MICHIGAN CITY — A dedication was held Thursday for part of the old Franciscan Health hospital in Michigan City that will be put back to medical use.
About two-thirds of the former hospital at 301 W. Homer St. is currently being demolished. The remaining space of over 100,000 square feet will be used by Franciscan Health for prenatal care, inpatient behavioral health services and adult medical day care.

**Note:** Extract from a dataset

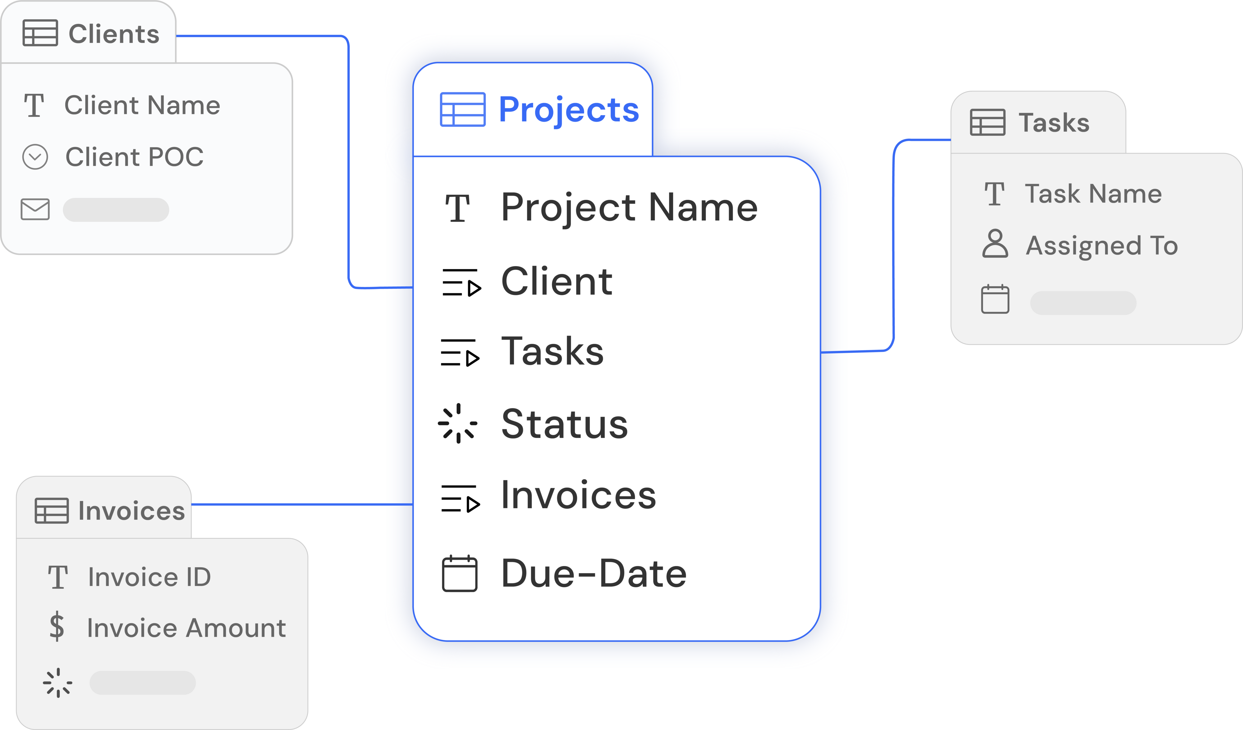Start by creating tables and linking them together to create customizable databases for any workflow. Bring data from anywhere - spreadsheets, automations, forms, API or webhooks.

According to hospital officials, the cost of demolition, scheduled to be completed in December, and repurposing what’s left of the facility is $20 million.
“This is going to be a nice, vibrant, beautiful hospital. Smaller but beautiful and doing a great job,” said Sister Jane Marie Klein, chairman of the board of Franciscan Alliance.
Dean Mazzoni, president of Franciscan Health Michigan City, said the 14-bed inpatient Behavioral Medicine Unit will be open later this summer.
PACE — the Program for the All-Inclusive Care for the Elderly — will open in the fall, then soon after that, the Prenatal Care Unit will begin operating, he said.
Mazzoni said need for those services was the determining factor in deciding to make use of the old hospital, which was vacated in January of 2019 when Franciscan Health opened a new hospital outside Michigan City along Interstate 94.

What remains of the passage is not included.